# WHAT YOU NEED TO DO:
Below are the records; give again exactly the line with "Another said OP", the line with "- Escola Monsenyor", and each line that lies between them, and nothing besides.

# LISTED RECORDS:
■ ■ ■ ■

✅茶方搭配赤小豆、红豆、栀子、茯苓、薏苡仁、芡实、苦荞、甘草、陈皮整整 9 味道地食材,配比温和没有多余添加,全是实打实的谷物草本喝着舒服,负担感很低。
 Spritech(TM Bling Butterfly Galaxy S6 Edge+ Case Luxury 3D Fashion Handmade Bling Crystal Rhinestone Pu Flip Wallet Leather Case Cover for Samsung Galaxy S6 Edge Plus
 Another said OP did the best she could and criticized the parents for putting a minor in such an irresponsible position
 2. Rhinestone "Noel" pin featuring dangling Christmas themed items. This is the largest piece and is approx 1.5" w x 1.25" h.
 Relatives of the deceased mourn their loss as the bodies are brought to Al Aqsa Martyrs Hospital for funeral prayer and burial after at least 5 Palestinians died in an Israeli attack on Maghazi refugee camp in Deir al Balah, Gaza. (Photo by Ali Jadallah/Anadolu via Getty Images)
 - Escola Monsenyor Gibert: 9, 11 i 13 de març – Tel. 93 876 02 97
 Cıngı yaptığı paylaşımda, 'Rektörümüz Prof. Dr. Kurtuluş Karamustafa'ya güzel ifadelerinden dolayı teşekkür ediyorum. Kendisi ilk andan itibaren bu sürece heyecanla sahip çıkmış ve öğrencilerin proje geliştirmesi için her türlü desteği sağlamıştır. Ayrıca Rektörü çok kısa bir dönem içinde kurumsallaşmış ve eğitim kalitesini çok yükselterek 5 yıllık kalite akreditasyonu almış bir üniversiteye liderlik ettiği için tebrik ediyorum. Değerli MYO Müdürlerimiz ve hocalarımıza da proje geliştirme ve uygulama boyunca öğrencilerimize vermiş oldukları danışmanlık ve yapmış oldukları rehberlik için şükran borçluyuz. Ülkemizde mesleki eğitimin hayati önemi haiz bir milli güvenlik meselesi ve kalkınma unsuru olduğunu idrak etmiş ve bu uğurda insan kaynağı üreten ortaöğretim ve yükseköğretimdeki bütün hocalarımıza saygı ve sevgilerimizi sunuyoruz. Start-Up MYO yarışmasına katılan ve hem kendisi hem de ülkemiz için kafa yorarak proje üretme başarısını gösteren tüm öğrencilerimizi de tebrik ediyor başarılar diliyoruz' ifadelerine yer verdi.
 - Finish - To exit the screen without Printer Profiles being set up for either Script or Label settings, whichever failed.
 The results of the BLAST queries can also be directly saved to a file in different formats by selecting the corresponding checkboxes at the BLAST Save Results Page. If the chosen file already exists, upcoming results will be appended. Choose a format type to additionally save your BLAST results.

■ ■ ■ ■

# ANSWER BOX:
 Another said OP did the best she could and criticized the parents for putting a minor in such an irresponsible position
 2. Rhinestone "Noel" pin featuring dangling Christmas themed items. This is the largest piece and is approx 1.5" w x 1.25" h.
 Relatives of the deceased mourn their loss as the bodies are brought to Al Aqsa Martyrs Hospital for funeral prayer and burial after at least 5 Palestinians died in an Israeli attack on Maghazi refugee camp in Deir al Balah, Gaza. (Photo by Ali Jadallah/Anadolu via Getty Images)
 - Escola Monsenyor Gibert: 9, 11 i 13 de març – Tel. 93 876 02 97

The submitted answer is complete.